If DNA is the complete programming language of the human organism, we can see genes as specific commands.
Thanks to the discovery of the human genome, we now know the basic package of the genetic information stored in our cells.
This is important because these minor differences (repetitions, omissions, or substitutions) within the basic package determine how we are or how we function. We create the differences between people or the similarities between blood relatives.
However, it would be an exaggeration to say that our DNA code is an open book for geneticists.
Research continues on the precise number of genes and the DNA between them, how they work, and how they interact.
Mitochondrial deoxyribonucleic acid
Mitochondrial DNA is found in the cytoplasm of cells, specifically in the mitochondria.
These are a particular type of cell organelle, and there are about 100 to 1,000 of them in each cell.
They are also known as small power plants because they convert sugars and fats into energy (adenosine triphosphate) necessary for our body to function correctly.
We only receive mitochondrial DNA from our mother; the father’s mitochondrial DNA is lost during fertilization because it is broken down.
The egg provides the cytoplasm, and this contains the mother’s mitochondria.
Mitochondrial DNA is ring-shaped and therefore not organized into chromosomes.
It represents less than one percent of the total amount of DNA, with only 16,500 nucleotides, compared to three billion in nuclear DNA.
However, the several hundred mitochondria in each cell contain these circular strands of DNA, which have 37 active genes.
THEREFORE, mitochondrial DNA is crucial for our metabolism, and if there is any defect in its structure, it can lead to complex disorders.
Function
Although most deoxyribonucleic acid (DNA) is packaged on chromosomes within the nucleus, mitochondria also have a small amount of their DNA.
This genetic material is known as mitochondrial DNA.
Mitochondria are structures within cells that convert energy from food into a form that cells can use.
Each cell contains hundreds to thousands of mitochondria found in the fluid that surrounds the nucleus (the cytoplasm).
Mitochondria produce energy through a process called oxidative phosphorylation.

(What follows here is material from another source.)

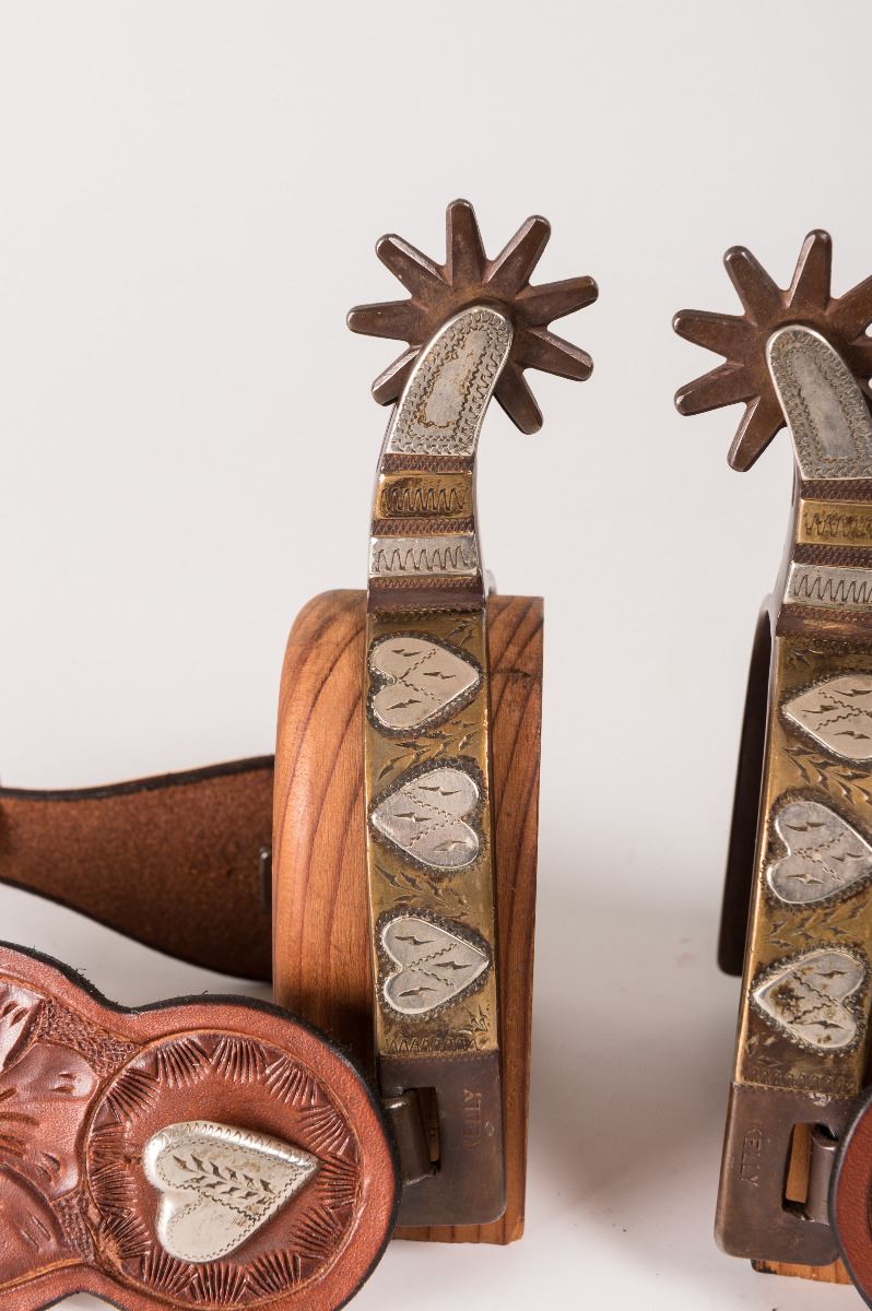 Rare Bill Adamson Spurs. 1 ½", 9 point rowels. Double silver overlaid on "Kelly" blanks with four heart patterns. Well marked "Adamson & Kelly" under the buttons.

This process uses oxygen and simple sugars to create adenosine triphosphate (ATP), the cell’s primary energy source.
A set of enzyme complexes carry out oxidative phosphorylation within the mitochondria.
In addition to energy production, mitochondria play a role in many other cellular activities. For example, mitochondria help regulate the self-destruction of cells (apoptosis).
They are also necessary for producing substances such as cholesterol and heme (a component of hemoglobin, the molecule that carries oxygen in the blood).
Mitochondrial DNA contains 37 genes, all of which are essential for normal mitochondrial function.
Thirteen of these genes provide instructions for making enzymes participate in oxidative phosphorylation.
The remaining genes provide instructions for creating molecules called transfer RNA (tRNA) and ribosomal RNA (rRNA); these types of RNA help assemble building blocks of proteins (amino acids) into functional proteins.
Mutations
Heteroplasmic mutations of mitochondrial DNA are an essential source of human disease.
The mechanisms governing heteroplasmic mtDNA mutations’ transmission, segregation, and complementation are unknown.